Question: Galaxy unable to communicate with DRM: code 2: Requested session "XXXXXX" does not exist
0
BWimS • 0 wrote:
After upgrading Univa grid engine from 8.5.4 to version 8.6.2 galaxy seems unable to retrieve the status of jobs that it launched on the grid.
Jobs are being started on the cluster, I can see them run and finish on the cluster, but the job status in galaxy website UI never goes from 'waiting' (grey) , to running (yellow), to finished ('green').
galaxy.jobs.runners.drmaa WARNING 2018-10-02 10:24:56,780 (16943/23806467) unable to communicate with DRM: code 2: Requested session "25447" does not exist
galaxy.jobs.runners.drmaa WARNING 2018-10-02 10:24:57,823 (16942/23806466) unable to communicate with DRM: code 2: Requested session "25447" does not exist
galaxy.jobs.runners.drmaa WARNING 2018-10-02 10:24:57,846 (16943/23806467) unable to communicate with DRM: code 2: Requested session "25447" does not exist
galaxy.jobs.runners.drmaa WARNING 2018-10-02 10:24:58,870 (16942/23806466) unable to communicate with DRM: code 2: Requested session "25447" does not exist
galaxy.jobs.runners.drmaa WARNING 2018-10-02 10:24:58,890 (16943/23806467) unable to communicate with DRM: code 2: Requested session "25447" does not exist
galaxy.jobs.runners.drmaa WARNING 2018-10-02 10:24:59,916 (16942/23806466) unable to communicate with DRM: code 2: Requested session "25447" does not exist
galaxy.jobs.runners.drmaa WARNING 2018-10-02 10:24:59,948 (16943/23806467) unable to communicate with DRM: code 2: Requested session "25447" does not exist
galaxy.jobs.runners.drmaa WARNING 2018-10-02 10:25:00,976 (16942/23806466) unable to communicate with DRM: code 2: Requested session "25447" does not exist
galaxy.jobs.runners.drmaa WARNING 2018-10-02 10:25:00,997 (16943/23806467) unable to communicate with DRM: code 2: Requested session "25447" does not
This error is thrown by this galaxy code.

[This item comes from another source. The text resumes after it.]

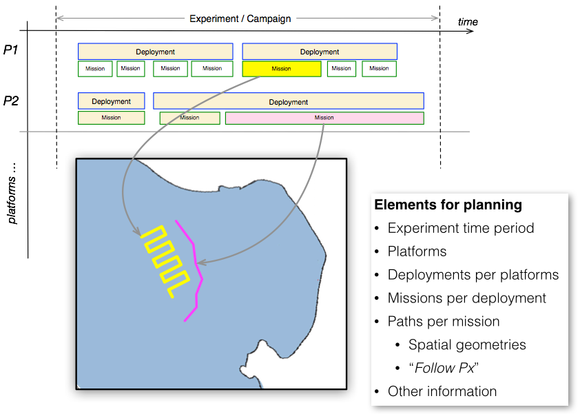 A central goal of the Planning component in ODSS is to support the overall planning of science experiments/campaigns through an intuitive graphical interface where platforms can be assigned deployments and missions within a spatiotemporal frame.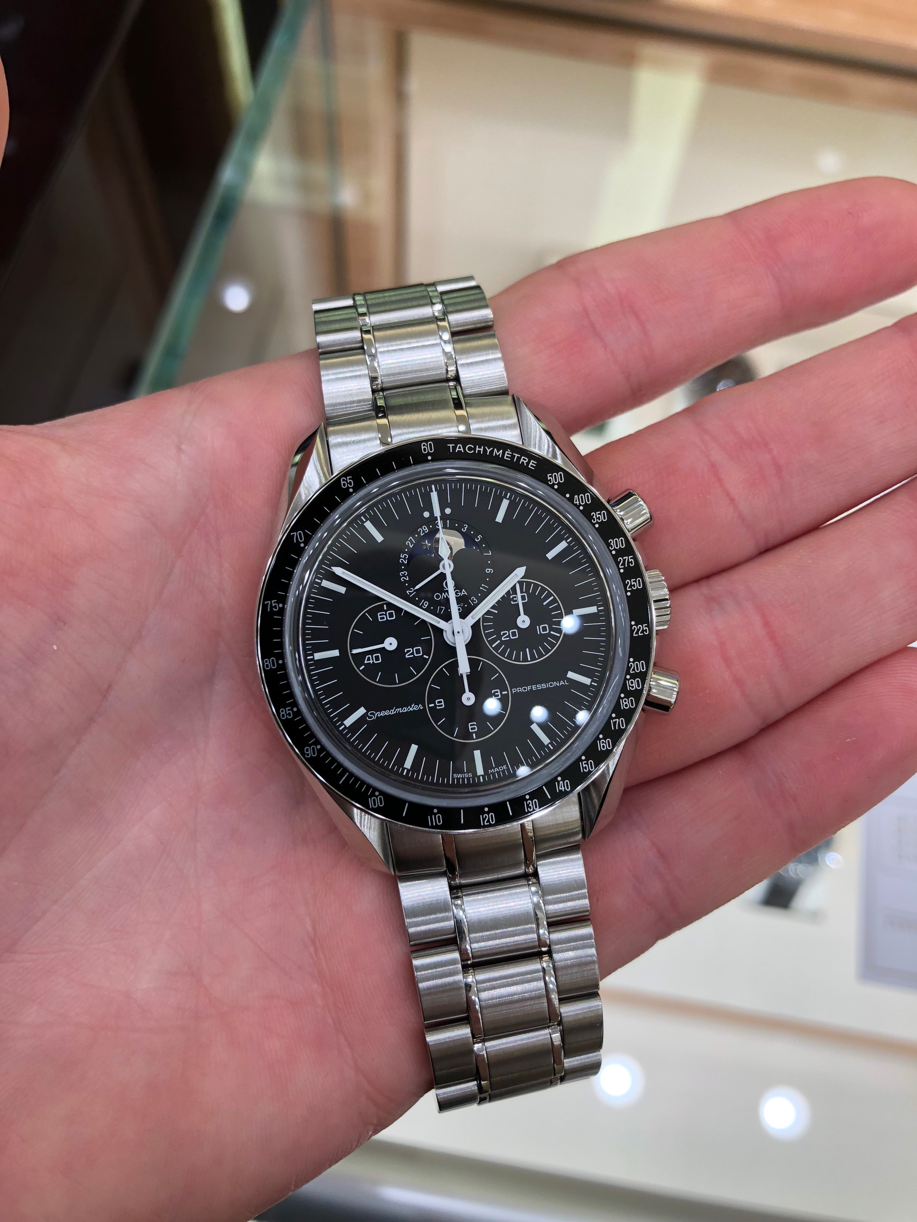Went in yesterday, got them down to $4750, and, well, here it is! Thanks for the encouragement, everyone! Very happy with this, even if I might have been able to source one from a trusted seller for a bit less. It feels good to add a new Omega again -- I've taken a detour over the last year or so and gotten into Rolex and AP, and those are frustrating brands to deal with as it seems like anything I'd want has a really long waitlist. Omega, and more specifically, the Speedmaster, is what started my journey into the hobby, and one thing I've learned since then is that nothing beats the Speedy. I'm also reminded why Omega is my favorite brand: watchmaking that beats anything in the price range, awesome history, lots of variations, no (or at least much less) snobbery, no waitlists (for the most part), and the fact that the brand is just more fun than any others.

https://docs.galaxyproject.org/en/release_18.05/_modules/galaxy/jobs/runners/drmaa.html
There is this line
log.warning("(%s/%s) unable to communicate with DRM: %s", galaxy_id_tag, external_job_id, e)
The errorClass that is thrown does not hold more details.
http://gridscheduler.sourceforge.net/javadocs/org/ggf/drmaa/DrmCommunicationException.html
Does anyone have an idea on how to fix or troubleshoot this issue? Thank you.